No Brasil, 42,5% das fraudes financeiras já usam IA, e o uso de deepfakes cresceu 830% entre 2024

Whalemate Labs · Pesquisa assistida por IA11 de jul. de 20262 min de leitura

No Brasil, 42,5% das fraudes financeiras já usam ferramentas de inteligência artificial, e o uso de deepfakes cresceu 830% entre 2024 e 2025, segundo dados atribuídos pela Finsiders Brasil a uma apresentação de um agente da Polícia Federal. Paralelamente, outras medições divulgadas na região mostram avanço no fraude de identidade e nos pedidos de abertura de contas e crédito com dados sintéticos.

Brasil e a escalada dos deepfakes

No Brasil, 42,5% das fraudes financeiras já usam ferramentas de inteligência artificial, e o uso de deepfakes cresceu 830% entre 2024 e 2025, segundo um artigo da Finsiders Brasil que atribui esses dados a uma apresentação de um agente da Polícia Federal.

O sinal não aparece isolado. A LatamFintech publicou que, segundo o Círculo de Crédito, a taxa de fraude no setor de fintech subiu 64% em 2025 na comparação com 2024, passando de 2,2% para 3,6%. Nesse mesmo recorte regional, o Yahoo Notícias reproduziu uma nota que afirma que o fraude de identidade com IA chega a 48,3% dos casos na América Latina, com a CDMX concentrando 13,85% dos alertas de fraude.

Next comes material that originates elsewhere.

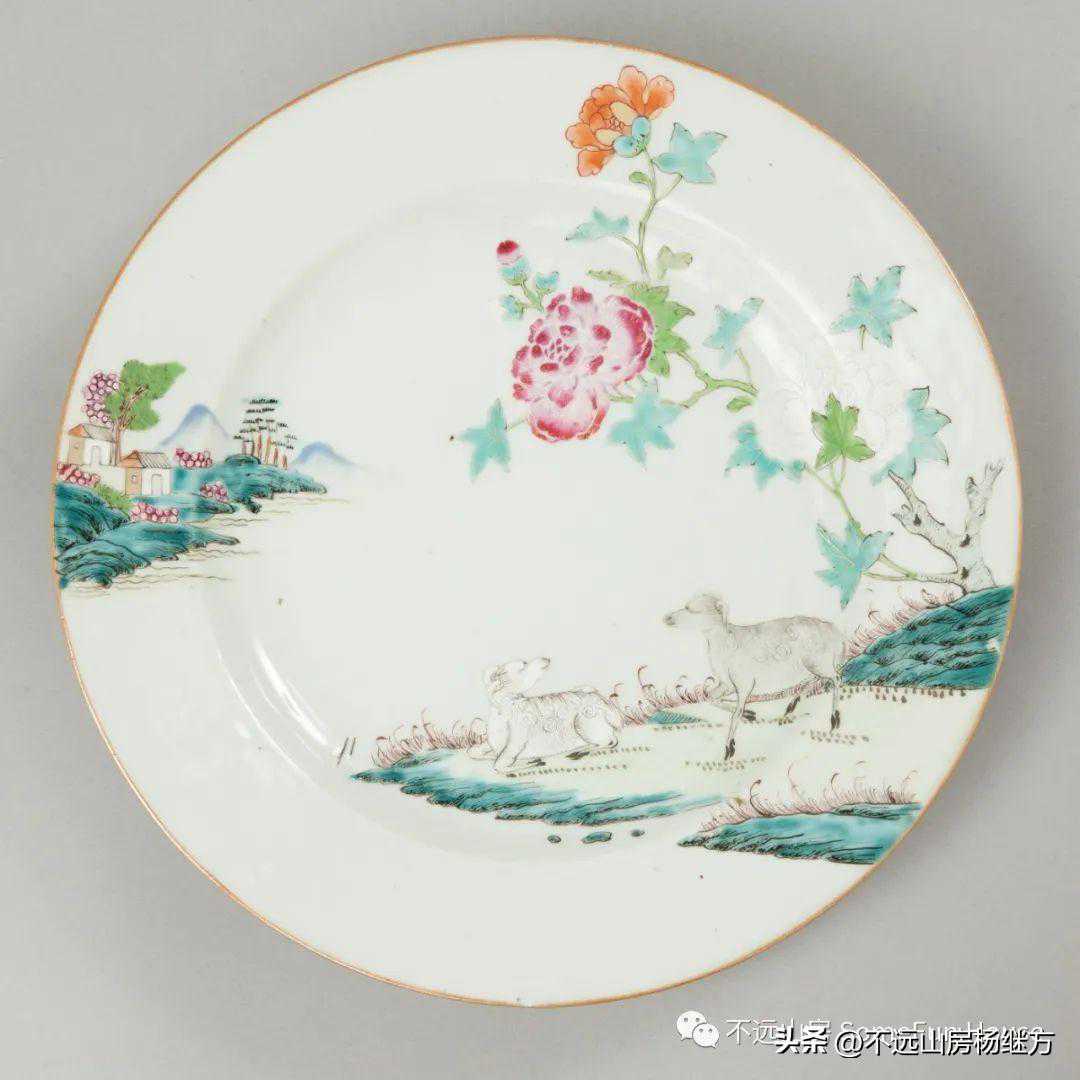 英国布里斯托博物馆藏雍正-乾隆粉彩花卉双羊图盘

O Economista do México publicou uma versão mais ampla desse dado e acrescentou que o fraude de identidade sintética com IA alcança 48,3% dos casos na América Latina. Segundo a nota, bancos e fintechs relatam aumento relevante nos pedidos de abertura de contas e de crédito com dados falsos misturados a informações reais extraídas de vazamentos de bases de dados.

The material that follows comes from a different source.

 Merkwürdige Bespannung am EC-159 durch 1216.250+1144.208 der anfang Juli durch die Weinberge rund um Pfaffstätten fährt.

O impacto em neobancos e fintechs

A nota do Economista detalha que os tentativas de fraude de identidade sintética afetam de forma desproporcional neobancos e fintechs de crédito ao consumo. O motivo, segundo a publicação, está nos processos de onboarding 100% digitais e na dependência de validações documentais e biométricas que podem ser burladas com deepfakes.

Na Colômbia, a ACIS descreveu outra frente de defesa que começa a ganhar espaço diante do fraude financeiro impulsionado por IA. A análise aponta que as instituições estão incorporando dados contextuais, como padrões de geolocalização, tipo de dispositivo, horários de uso e comportamento transacional histórico, como complemento da biometria.

A ACIS também informou que os modelos tradicionais de scoring e verificação de identidade na Colômbia estão sendo ajustados para detectar anomalias no contexto de operação, por exemplo, dispositivos novos ou localizações atípicas. A mudança responde ao aumento de fraudes cometidas com identidades sintéticas e credenciais roubadas por meio de campanhas automatizadas de phishing.